In our labs, students took multiple data runs with varying amounts of mass added to the two carts.  The whole goal of this is for students to see that momentum is a useful concept in physics, and that its conservation holds true in many different situations.  Hopefully they will then believe it when I tell them that this holds true in any situation where there is no outside force acting on a system.

In each of these labs, the students obviously have to calculate the momentum (mass times velocity) of both carts, both before and after the collision (or explosion, but let's just say "collision" to make it simpler).  Students therefore had to have a way to find the velocity of each cart.  Earlier this year students learned that the slope of a position vs time graph actually is the velocity of the object being graphed, so that's what I expected they would do.  Sure enough, each lab group graphed x vs t for the carts and used the software to determine the linear fit for the time before the collision, and for the time after the collision.  They printed out these graphs and stapled them into their notebooks, with the slope clearly labelled.

And then they wrote that the momentum is conserved.

There are no calculations in many of the notebooks.  No equations to show whether or not momentum had been conserved in these collisions, and to what degree.  There is simply the statement that momentum is conserved.  Clearly we've got a disconnect here between my expectations and student performance.  It's amazing how exhausting it is to continually stay on top of these things.  Students by and large do not want to do this kind of work--it's just a grade.  It's very hard to stay excited as an educator when students so clearly see no connection between the work they are asked to do and conclusions they are asked to make, let alone questions on an assessment.  To actually connect this with what they think their futures will be?

Today I assigned a step-by-step exercise  for the classes in question.

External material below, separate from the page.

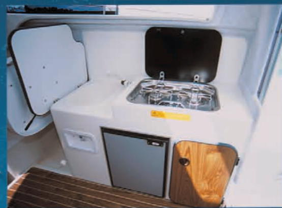
Cuisine - évier - réfrigérateur. Galley - sink - fridge. Cocina - fregadero y frigorífico de serie.

For each of the three labs, students were asked to calculate the initial momentum of cart A, and then of cart B, and then the sum of these.  And then the final momentum of cart A, and then of cart B, and then the sum of those.  And then the percent difference.  And then the question: does your data demonstrate that momentum was conserved?  It may not have been fun, but it clarified things.  Many times students showed me that the data in their notebooks was not sufficient to calculate these values, which means that they could not conclude one way or another about the conservation of momentum.  What should we do?  Well, frankly, the fact that you realized that you documented the wrong data is more important than the number crunching.

I hope this serves us well in our next lab: Impulse.